Le mécanisme de l’activité de la catécholase (cercle extérieur) part des états oxy et met. Un substrat de diphénol se lie à l’état met (par exemple), suivi de l’oxydation du substrat en première quinone et de la formation de l’état réduit de l’enzyme. La liaison du dioxygène conduit à l’état oxy, qui est ensuite attaqué par la deuxième molécule de diphénol. L’oxydation en deuxième quinone forme à nouveau l’état met et ferme le cycle catalytique.
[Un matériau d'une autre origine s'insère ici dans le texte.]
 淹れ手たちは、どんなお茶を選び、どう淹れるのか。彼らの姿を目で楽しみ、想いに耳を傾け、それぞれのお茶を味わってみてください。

Les mécanismes réactionnels alternatifs comprennent un mécanisme radicalaire proposé par Kitajima et Morooka189 et un mécanisme impliquant un intermédiaire Cu(III) basé sur des mesures de composés modèles.190 Sur la base de la structure cristalline du complexe inhibiteur de la catéchol oxydase–PTU, la liaison monodentate du substrat a été suggérée pour la catéchol oxydase.180 Un mécanisme radicalaire, tel que proposé pour la faible activité de la catécholase trouvée dans l’hémocyanine de Octopus vulgaris, 191 est également possible pour la catéchol oxydase en raison de la forte relation structurelle entre la catéchol oxydase de I. batatas et l’hémocyanine odg comme décrit ci-dessus.
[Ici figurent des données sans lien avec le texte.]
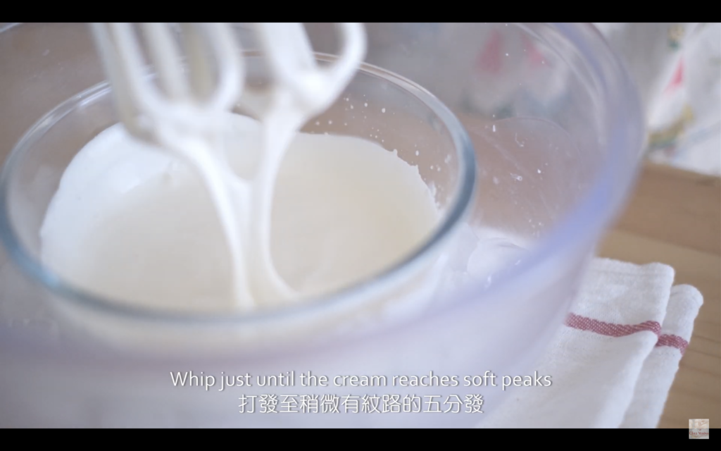 3. 淡忌廉加入17克糖打至5分發

La différence nette entre la catéchol oxydase et la tyrosinase n’a pas encore été expliquée. Une phase de retard dans l’activité monophénolase de la tyrosinase a été trouvée et étudiée et est proposée comme le résultat d’une inhibition temporaire de l’état met de la tyrosinase par un excès du substrat monophénol (Figure 25).186 L’activité de la monophénolase augmente lorsque le produit diphénol déplace le monophénol de la met tyrosinase et permet la poursuite du cycle catalytique. La catéchol oxydase sous sa forme isolée est présente exclusivement à l’état met et est également inhibée par le phénol. Il a donc été suggéré que l’absence de l’état oxy est la raison pour laquelle la catéchol oxydase manque d’activité crésolase. Comme l’oxy catéchol oxydase ne montre pas non plus d’activité monooxygénase, cette explication ne semble pas entièrement satisfaisante. Une autre raison possible est que l’accès au CuA, qui a été proposé pour être nécessaire à l’oxygénation des monophénols, 192 est bloqué dans la structure cristalline de la catéchol oxydase de I. batatas.